_Work required:_
After locating the line that bears "The image depicts", restate word for word that line and the rest of the listing to its final line, excluding all pictures.

_Dataset extract:_
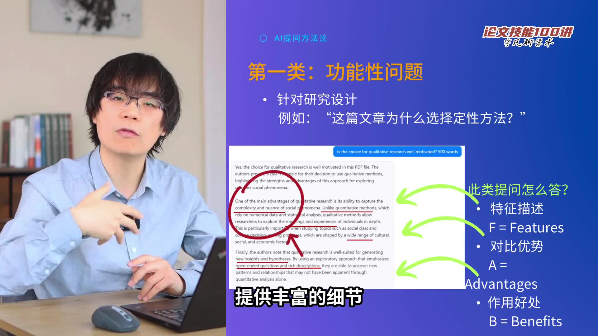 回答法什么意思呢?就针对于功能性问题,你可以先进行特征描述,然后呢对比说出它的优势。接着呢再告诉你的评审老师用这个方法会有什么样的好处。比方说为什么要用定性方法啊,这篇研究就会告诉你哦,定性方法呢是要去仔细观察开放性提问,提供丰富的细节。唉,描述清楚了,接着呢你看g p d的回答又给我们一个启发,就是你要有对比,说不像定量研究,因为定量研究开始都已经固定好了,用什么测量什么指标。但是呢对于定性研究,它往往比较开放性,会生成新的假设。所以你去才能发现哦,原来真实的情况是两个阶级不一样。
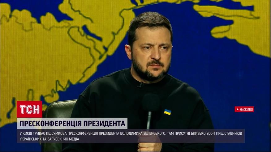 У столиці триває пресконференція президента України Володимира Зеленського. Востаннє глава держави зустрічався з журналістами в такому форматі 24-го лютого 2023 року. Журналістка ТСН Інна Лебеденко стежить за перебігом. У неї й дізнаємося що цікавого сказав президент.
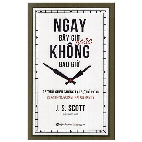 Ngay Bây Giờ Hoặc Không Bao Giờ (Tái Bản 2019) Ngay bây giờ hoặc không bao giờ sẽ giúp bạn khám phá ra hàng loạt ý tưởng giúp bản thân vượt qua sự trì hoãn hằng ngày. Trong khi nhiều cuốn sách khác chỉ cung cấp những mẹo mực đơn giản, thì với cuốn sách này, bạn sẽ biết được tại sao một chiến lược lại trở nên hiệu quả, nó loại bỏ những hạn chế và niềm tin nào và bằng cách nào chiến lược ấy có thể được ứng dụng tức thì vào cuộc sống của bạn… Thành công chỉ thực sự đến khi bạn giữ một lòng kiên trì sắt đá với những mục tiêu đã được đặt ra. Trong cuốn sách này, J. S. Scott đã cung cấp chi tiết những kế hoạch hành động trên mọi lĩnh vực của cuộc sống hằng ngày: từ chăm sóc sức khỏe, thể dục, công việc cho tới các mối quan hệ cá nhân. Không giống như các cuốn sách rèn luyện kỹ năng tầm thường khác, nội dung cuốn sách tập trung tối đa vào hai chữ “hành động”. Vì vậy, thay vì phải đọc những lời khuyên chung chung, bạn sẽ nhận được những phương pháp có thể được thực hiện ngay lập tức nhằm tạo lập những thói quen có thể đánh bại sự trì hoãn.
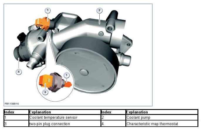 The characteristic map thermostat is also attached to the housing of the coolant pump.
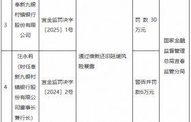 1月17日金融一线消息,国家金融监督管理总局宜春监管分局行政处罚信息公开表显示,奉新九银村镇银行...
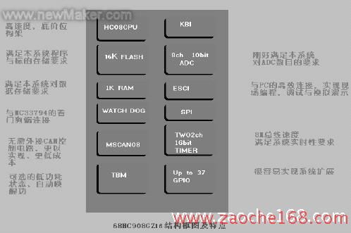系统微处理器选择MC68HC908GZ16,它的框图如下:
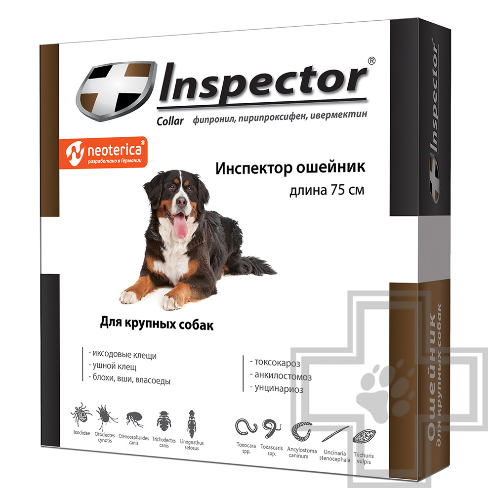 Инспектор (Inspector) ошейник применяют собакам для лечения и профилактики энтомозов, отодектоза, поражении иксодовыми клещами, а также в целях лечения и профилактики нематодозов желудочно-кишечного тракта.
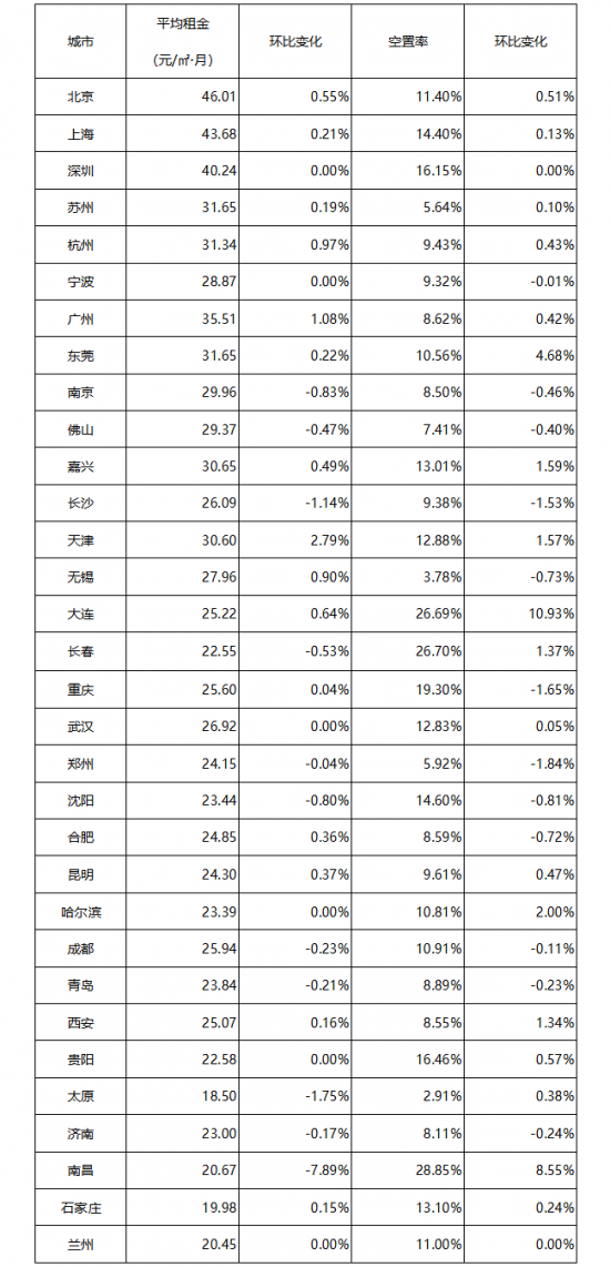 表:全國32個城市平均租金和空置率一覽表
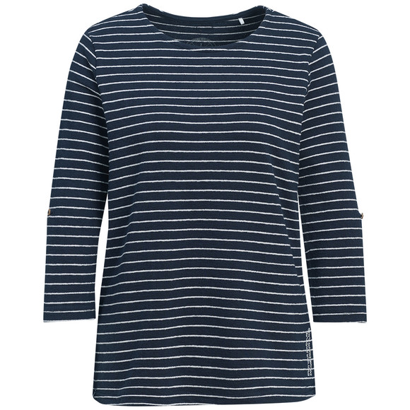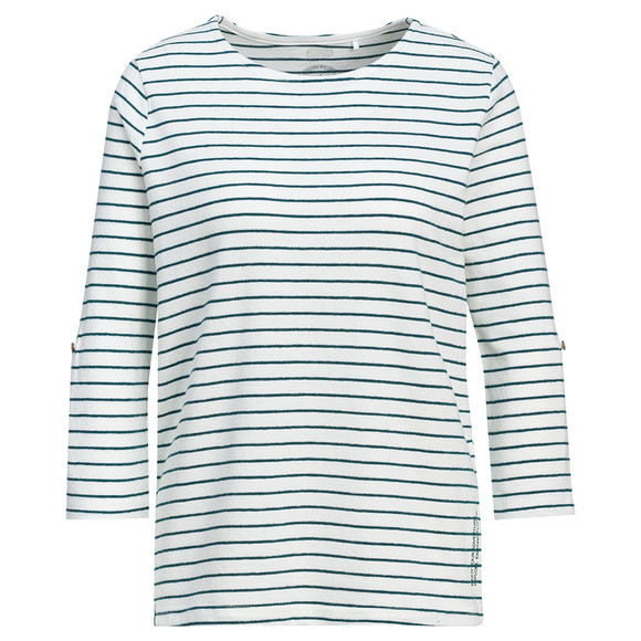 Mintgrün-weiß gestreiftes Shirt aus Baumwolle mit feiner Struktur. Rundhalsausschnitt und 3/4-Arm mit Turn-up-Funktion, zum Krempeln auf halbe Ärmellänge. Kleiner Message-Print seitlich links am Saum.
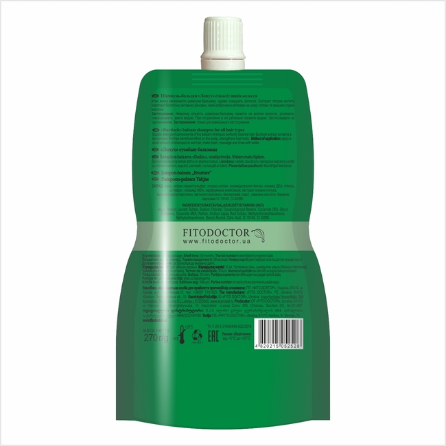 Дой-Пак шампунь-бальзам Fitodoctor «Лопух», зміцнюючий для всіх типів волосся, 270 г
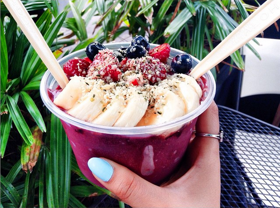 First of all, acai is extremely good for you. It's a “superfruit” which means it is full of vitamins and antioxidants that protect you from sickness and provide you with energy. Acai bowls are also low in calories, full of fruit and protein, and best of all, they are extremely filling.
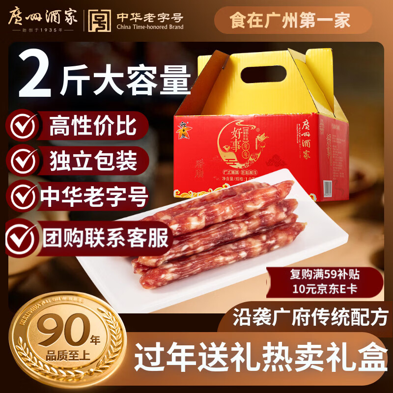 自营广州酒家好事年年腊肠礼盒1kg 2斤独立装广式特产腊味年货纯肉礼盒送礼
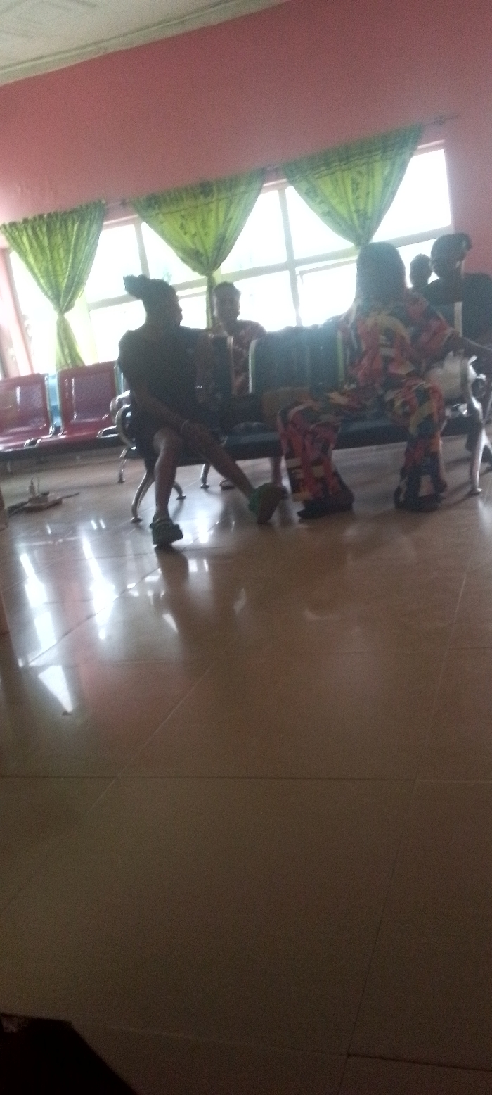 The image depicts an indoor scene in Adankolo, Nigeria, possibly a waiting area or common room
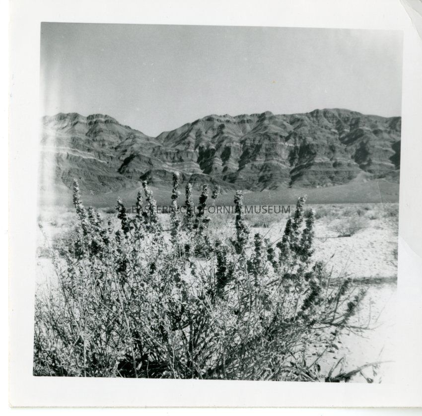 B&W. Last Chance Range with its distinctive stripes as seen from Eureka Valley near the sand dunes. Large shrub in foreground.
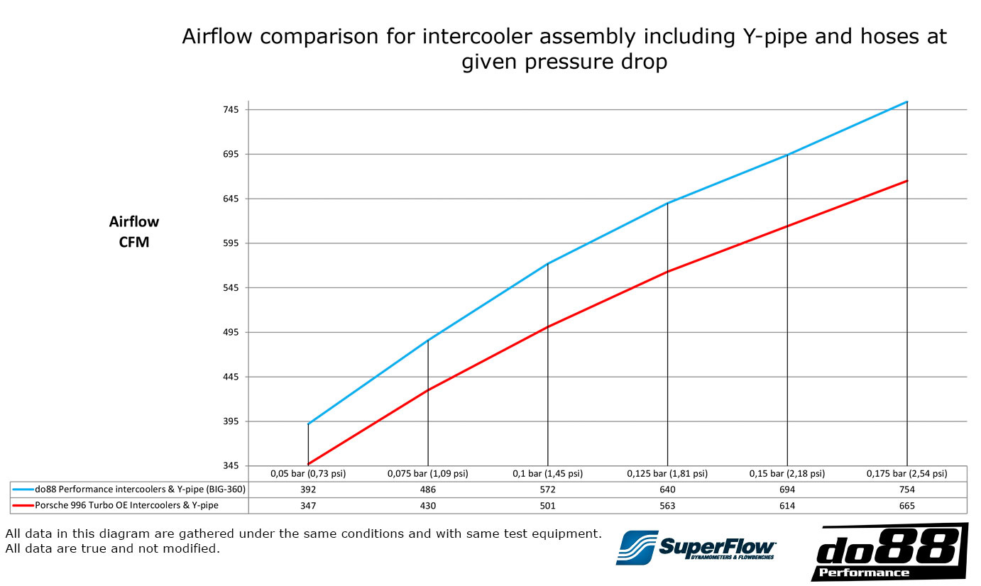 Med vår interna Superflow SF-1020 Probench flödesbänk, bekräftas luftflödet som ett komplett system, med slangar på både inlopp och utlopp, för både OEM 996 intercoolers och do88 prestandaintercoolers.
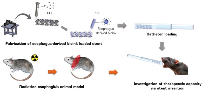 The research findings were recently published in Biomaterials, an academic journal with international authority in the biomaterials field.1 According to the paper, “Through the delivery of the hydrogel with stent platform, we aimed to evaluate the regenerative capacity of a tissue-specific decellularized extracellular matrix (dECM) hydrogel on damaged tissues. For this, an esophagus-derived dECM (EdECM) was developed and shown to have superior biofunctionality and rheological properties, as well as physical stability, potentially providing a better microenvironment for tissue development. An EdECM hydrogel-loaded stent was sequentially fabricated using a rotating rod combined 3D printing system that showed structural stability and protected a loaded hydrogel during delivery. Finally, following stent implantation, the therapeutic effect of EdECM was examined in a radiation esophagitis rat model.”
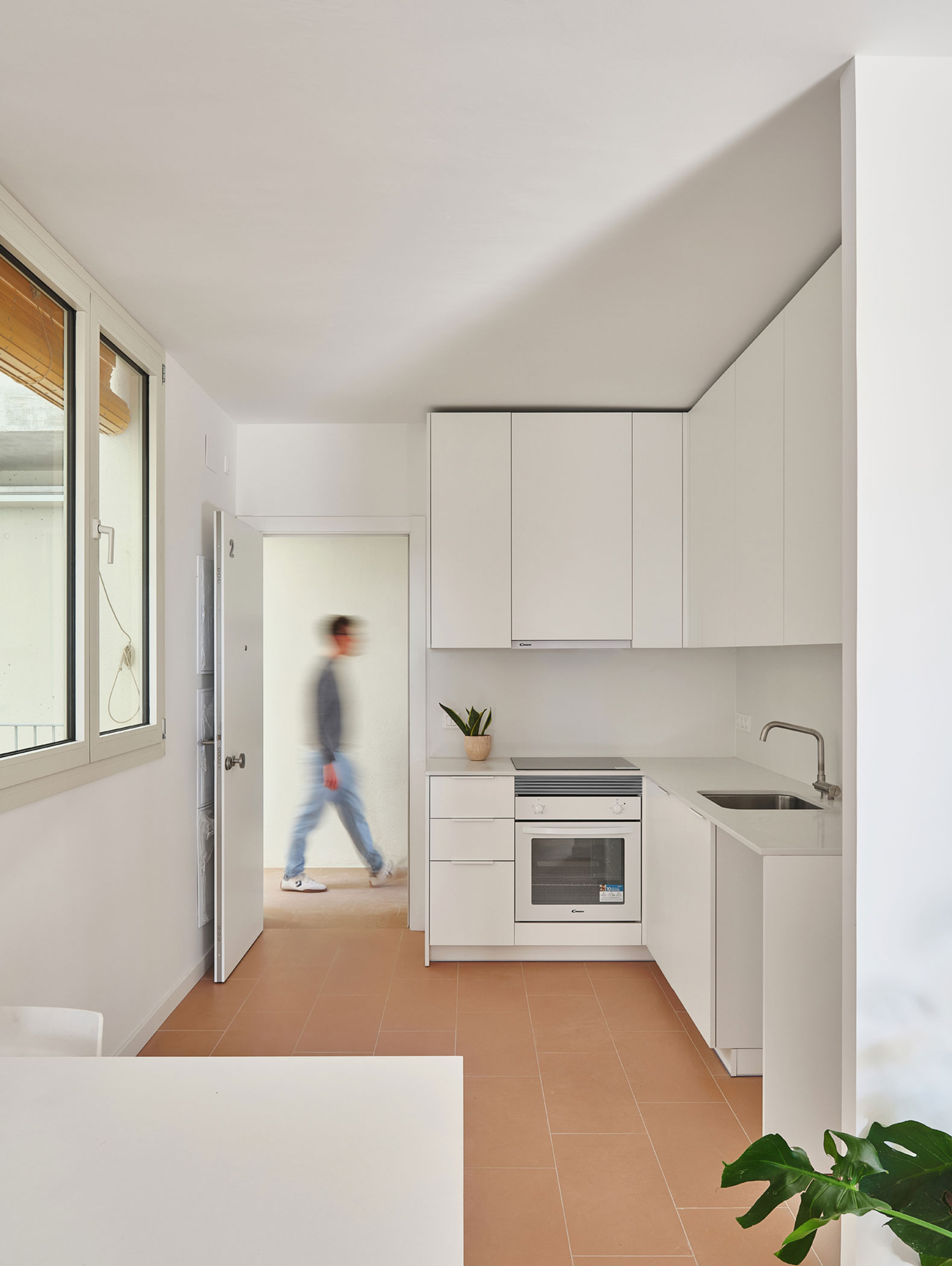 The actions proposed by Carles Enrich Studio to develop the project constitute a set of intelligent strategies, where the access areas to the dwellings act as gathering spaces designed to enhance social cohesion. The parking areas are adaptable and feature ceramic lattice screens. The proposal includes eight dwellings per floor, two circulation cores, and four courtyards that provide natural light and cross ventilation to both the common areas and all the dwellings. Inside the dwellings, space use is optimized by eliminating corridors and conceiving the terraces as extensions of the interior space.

_Reply:_
 The image depicts an indoor scene in Adankolo, Nigeria, possibly a waiting area or common room
 B&W. Last Chance Range with its distinctive stripes as seen from Eureka Valley near the sand dunes. Large shrub in foreground.
 Med vår interna Superflow SF-1020 Probench flödesbänk, bekräftas luftflödet som ett komplett system, med slangar på både inlopp och utlopp, för både OEM 996 intercoolers och do88 prestandaintercoolers.
 The research findings were recently published in Biomaterials, an academic journal with international authority in the biomaterials field.1 According to the paper, “Through the delivery of the hydrogel with stent platform, we aimed to evaluate the regenerative capacity of a tissue-specific decellularized extracellular matrix (dECM) hydrogel on damaged tissues. For this, an esophagus-derived dECM (EdECM) was developed and shown to have superior biofunctionality and rheological properties, as well as physical stability, potentially providing a better microenvironment for tissue development. An EdECM hydrogel-loaded stent was sequentially fabricated using a rotating rod combined 3D printing system that showed structural stability and protected a loaded hydrogel during delivery. Finally, following stent implantation, the therapeutic effect of EdECM was examined in a radiation esophagitis rat model.”
 The actions proposed by Carles Enrich Studio to develop the project constitute a set of intelligent strategies, where the access areas to the dwellings act as gathering spaces designed to enhance social cohesion. The parking areas are adaptable and feature ceramic lattice screens. The proposal includes eight dwellings per floor, two circulation cores, and four courtyards that provide natural light and cross ventilation to both the common areas and all the dwellings. Inside the dwellings, space use is optimized by eliminating corridors and conceiving the terraces as extensions of the interior space.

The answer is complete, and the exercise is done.